Now, starting from the initialization function of exosip, we can analyze the usage of Osip. This is the second stage. The third stage is to thoroughly learn the source code of Osip, but in most cases it should be unnecessary, in the second stage, some work in the third stage is involved, and the source code of Osip is mostly the Syntax Parsing of some sip data and the implementation of the state machine. After a deep understanding of the SIP protocol, these are just a way of implementation. You don't have to accept them completely. Instead, you can use your own methods and styles to achieve a set. For example, you can use lighter and more purposeful methods, osip only serves as a reference.
Exosip_init () is the initialization function of exosip. Let's take a look at its internal implementation:
The first line is the definition of osip_t * Osip, which we can see in the Osip official manual that all programs that use Osip must declare an osip_t pointer at the very beginning, and use osip_init (& Osip) to initialize this pointer. Destroy this resource and use osip_release (Osip.
We can see a lot of osip_trace in the Code. This is the function osip_trace called by the debug output macro. You can use the enable_trace macro to enable debugging to facilitate our development and debugging.
Others are some initialization operations of exosip_t global variable exosip, including the top memset (& exosip, 0, sizeof (exosip) completely cleared and similar exosip. user_agent = osip_strdup ("exosip/" exosip_version. j_stop_ua = 0 should be a state machine switch. Many codes can be found later to check this variable to determine whether to proceed with the process. The default value 0 indicates that the processing process of exosip is now ready, that is, UA is not stop.
Osip_set_application_context (Osip, & exosip) is interesting. When the following exosip_set_callbacks (Osip) sets a large number of callback functions for Osip, this allows Osip to access a large amount of interaction information set in the global variable exosip, which is equivalent to when we open a thread under VC, A void pointer passed to the thread points to the current diid object instance of our MFC application. You can use the void * osip_get_application_context (osip_t * Osip) function to retrieve the pointer for use, however, it seems that exosip does not use it, but it may be left for personal extension :)
We can also see the sock initialization code on the Win32 platform before the initialization code. We can know that exosip is a native Winsock API function, that is, when we used to write sock programs using VC and winapi (instead of MFC), we used the sock initial code and an interesting piece of code, namely, the jpipe () function, they return a pipeline, an array with two integer values (one in and one out), view its code and find that non-Win32 platforms are directly using pipe system functions, in Win32, the pipeline is simulated by using a pair of TCP local sock connections. One sock writes one sock read, and this Code is of reference value :)
J = 50;
While (aport ++ & J --> 0)
{
Raddr. sin_port = htons (short) aport );
If (BIND (S, (struct sockaddr *) & raddr, sizeof (raddr) <0)
{
Osip_trace (_ file __, _ line __, osip_warning, null,
"Failed to bind one local socket % I! /N ", aport ));
} Else
Break;
}
Meaning: Check 50 ports in sequence, from static int aport = 10500; that is, 10500 ~ Port 10550 finds an available local port to bind a pair of sock of the listen analog pipe.

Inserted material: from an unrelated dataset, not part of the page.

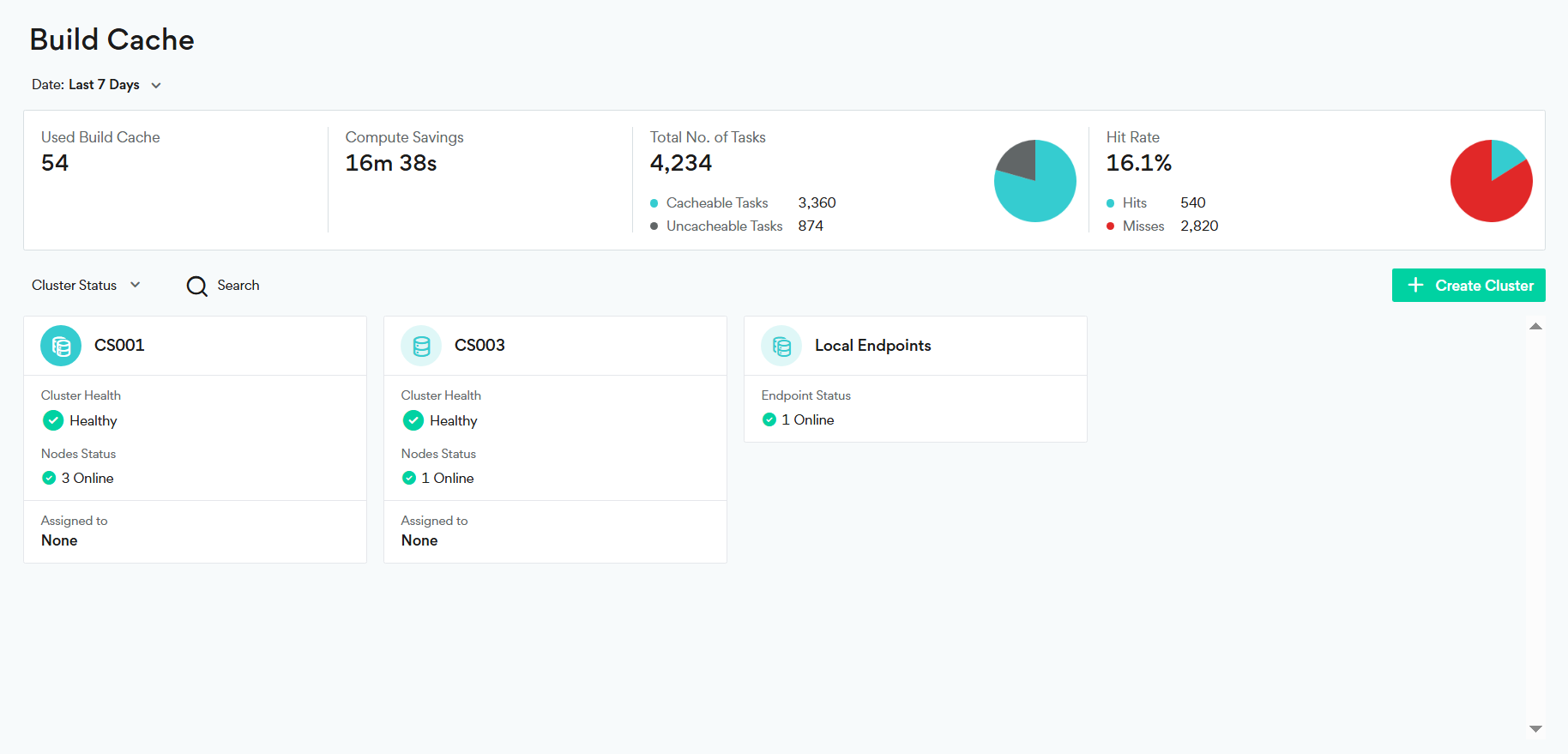 Hit Rate: The hit rate percentage, showing the number of cache hits out of the total number of cacheable tasks.
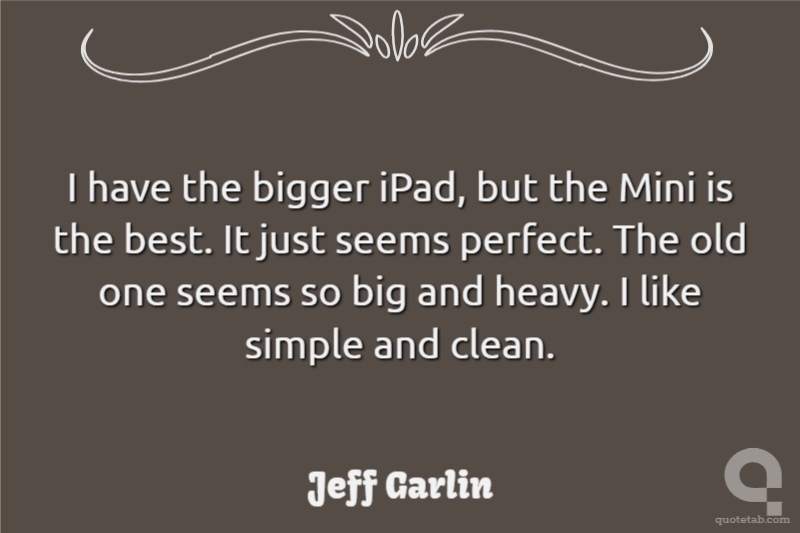 I have the bigger iPad, but the Mini is the best. It just seems perfect. The old one seems so big and heavy. I like simple and clean.

Exosip_set_callbacks (Osip) is nothing nice, just like what is described in the Osip official documentation. The key to setting up a lot of callback functions is the implementation of callback functions, this is also the main reason for many beginners to use Osip to get stuck. I don't know how the program built by Osip runs. Just select a few callback functions to see how exosip is implemented, there are many functions in the following format:
Static void
Cb_sndbye (INT type, osip_transaction_t * TR, osip_message_t * SIP)
{
Osip_trace (osip_trace
(_ File __, _ line __, osip_info3, null, "cb_sndbye (ID = % I)/R/N ",
Tr-> transactionid ));
}
That is to say, I just printed the debugging and didn't fully implement any functions. We can use the same method to define a lot of callback functions when learning. I am not busy thinking about how to implement them completely, first, only the debugging information is printed, and the specific application logic is analyzed based on the packet capture test and the debugging result shows which callback the program has taken and which callback is called, to understand the purpose of a specific callback function, it is much more convenient to implement the Code. Of course, if you see the RFC documentation, you should be able to understand the purpose of each callback function literally, this is a post, and not anyone can quickly fully understand the RFC, so we should refer to exosip :)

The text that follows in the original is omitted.